Azure AI Search offers these three search methods:

  1. Keyword search: fulltext and semantic
    1. Fulltext: queryType sets the parser: simple, or full. The default simple query parser is optimal for full text search. Full enables Lucene query parser: for advanced query constructs like regular expressions, proximity search, fuzzy and wildcard search. Full-text query how-to - Azure AI Search | Microsoft Learn
    2. Semantic: Semantic ranker is a collection of query-related capabilities that improve the quality of an initial BM25-ranked or RRF-ranked search result for text-based queries. When you enable it on your search service, semantic ranking extends the query execution pipeline in two ways:
      1. Secondary ranking score & captions and answers in the response. Semantic ranking - Azure AI Search | Microsoft Learn
  2. Vector search: docs - uses embeddings and distance in latent space to retrieve semantically relevant documents.
  3. Hybrid search: combines both results, and reranks, e.g. using RRF (docs)

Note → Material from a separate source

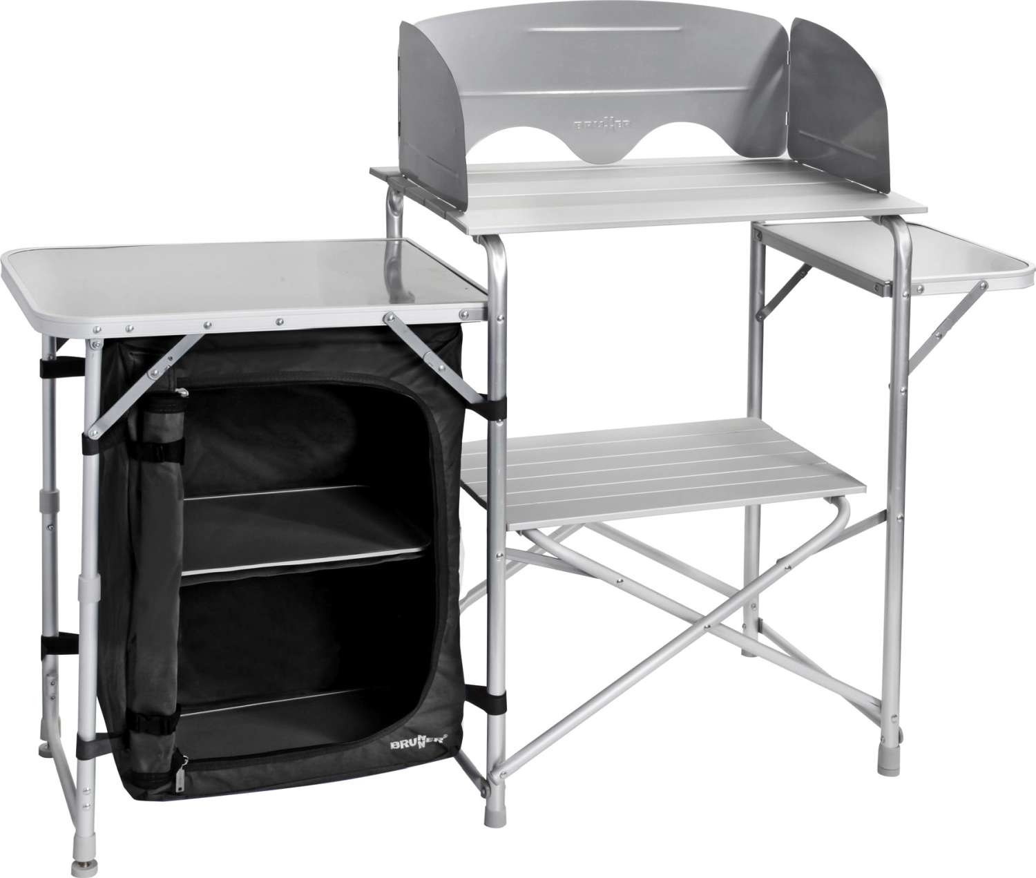 Sehr praktische Kombination aus Feldküche und Geschirrschrank. Details * Aluminium Ø 19/22 mm * Seitliche Ablage aus MDF (mitteldichte Faserplatte) mit Alurand * Vorratsschrank aus 100% Polyester mit internen MDF-Ablagen * Leicht klappbar * Inklusive Transporttasche * Maßen offen 141 x 50 x H80,5 cm * Maße geschlossen 80 x 51 x 12 cm * Gewebe: 100% Polyester Art Campingschränke: Küchenbox, Gewicht: 7,8 kg

Technique - filtering and matching documents in Azure AI Search

For matching and filtering documents, these two approaches were most useful for our use-cases:

  1. Using OData language and filter argument: OData language overview - Azure AI Search | Microsoft Learn
  2. Using the search_text argument and query_type="full" so we are able to use the Lucene queryparser syntax: we can match results e.g., using regular expressions Lucene query syntax - Azure AI Search | Microsoft Learn.

Gotcha example - Where things turn sour

Imagine the following query. We are interesed in filtering on a specific id (the full set only contains one document with this ID), but we also match the id to contain 1234 using a regex lucene query. Obviously, this matches and we get a result:

limit = 10
select = 'id,content'
search_text = "id:/.*1234.*/"
search_client = sc
result = await
        query_type="full",  # Set query type to full to enable lucene/regex queries
        filter = "id eq 'A001-AB-1234_chunk_0'"
async for doc in result:

# >
# {'id': 'A001-AB-1234_chunk_0', 'content':....

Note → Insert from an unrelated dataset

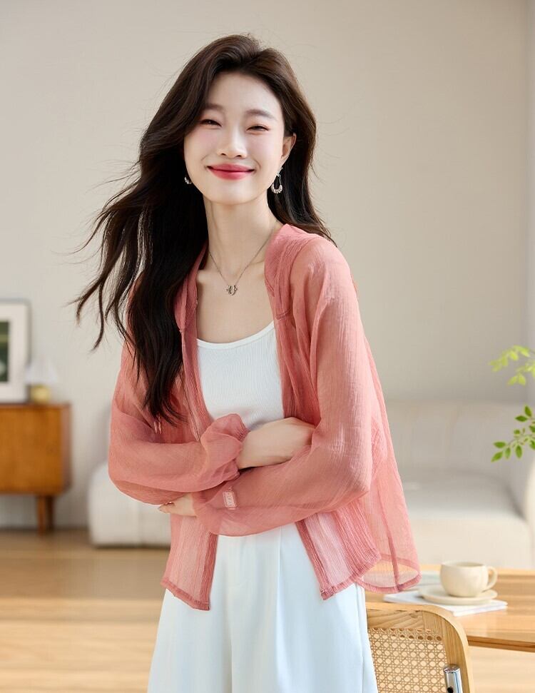 軽やかで涼しげなシースルーカーディガンが登場。 夏をおしゃれにする透け感のある素材は、涼しくて軽く、さらっと羽織るだけで大人可愛いスタイルを実現します。 前開きデザインで、着脱も簡単。 カジュアルさと上品さを両立し、デイリーユースにもぴったりの一枚です。

Now, we change the regex query to (not) match 4321 in the id, and we obviously get no result:

limit = 10
select = 'id,content'
search_text = "id:/.*4321.*/"
search_client = sc
result = await
        query_type="full",  # Set query type to full to enable lucene/regex queries
        filter = "id eq 'A001-AB-1234_chunk_0'"
async for doc in result:

# >

What happens if we add hybrid search to the mix, but still include the unmatching 4321 in the id?

# Hybrid search with regex-like query, yielding unexpected (1234) result (hybrid).
# (using helper function to set up the embedding, ...)
async for doc in await vector_search_with_lucene(
    query_to_embed="failing gear unit", # some query which closely resembles the text in the content
    search_text = "id:/.*4321.*/",
    query_type= "full",
    filter = "id eq 'A001-AB-1234_chunk_0'"

# >
# {'id': 'A001-AB-1234_chunk_0', 'content':....

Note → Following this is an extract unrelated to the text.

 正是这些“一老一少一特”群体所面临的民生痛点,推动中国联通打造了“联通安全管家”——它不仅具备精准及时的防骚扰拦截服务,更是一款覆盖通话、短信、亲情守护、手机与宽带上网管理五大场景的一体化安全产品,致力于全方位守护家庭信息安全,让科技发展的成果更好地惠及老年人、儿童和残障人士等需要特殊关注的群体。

Notice how in this case, we do get the result back, but the id doesn't match the regex query.


Azure AI Hybrid search reranks documents after both the vector search and fulltext search are finished. The search_text argument allows for strict (regex) matching, but this matching only applies to the fulltext search. Since we pre-filter on a specific document, vector search will always yield this result (note: this holds even if the neighbor of the embedded query isn't too similar, since we always try to return 10 results - which then must include our single document). After both the vector and text search are executed, the hybrid results include results which would not be expected from just full-text search.